Command substitution does not necessarily invoke a subshell, and in most cases won't. The only thing it guarantees is out-of-order evaluation: it simply evaluates the expressions inside the substitution first, then evaluates the surrounding statement using the results of the substitution. (source)
This seems reasonable, but is it true? This answer to a subshell related question tipped me off that man bash
has this to note:
Each command in a pipeline is executed as a separate process (i.e., in a subshell).
This brings me to the main question. What, exactly, will cause command substitution to spawn a subshell that would not have been spawned anyway to execute the same commands in isolation?

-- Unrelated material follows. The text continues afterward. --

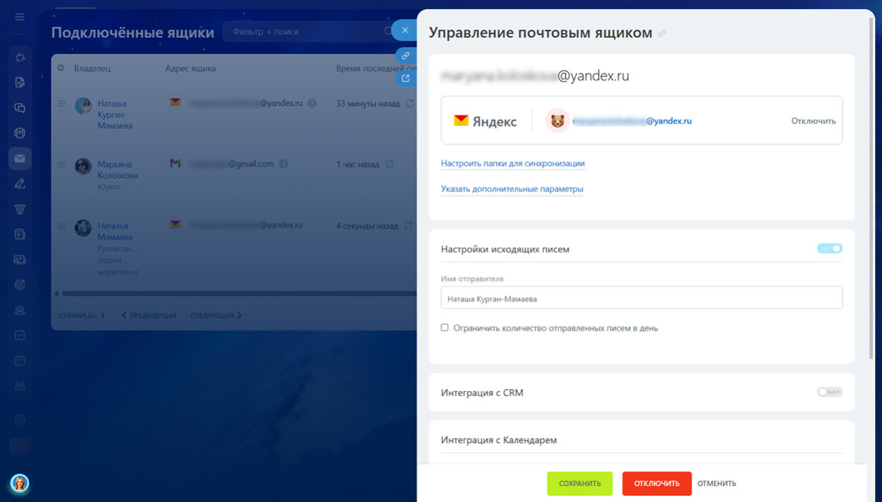 - Cвязь с CRM — включена ли интеграции ящика с CRM.

Please consider the following cases and explain which ones incur the overhead of an extra subshell:
# Case #1
command1
var=$(command1)
# Case #2
command1 | command2
var=$(command1 | command2)
# Case #3
command1 | command 2 ; var=$?
var=$(command1 | command2 ; echo $?)
Do each of these pairs incur the same number of subshells to execute? Is there a difference in POSIX vs. bash implementations? Are there other cases where using command substitution would spawn a subshell where running the same set of commands in isolation would not?
bash
is implemented. However, I would note that subshell != process; a subshell (in the sense of a new scope for variables) is not required to spawn a new process to run it. (This is the third point made in the accepted answer to your linked question.) – Monocarpic( ... )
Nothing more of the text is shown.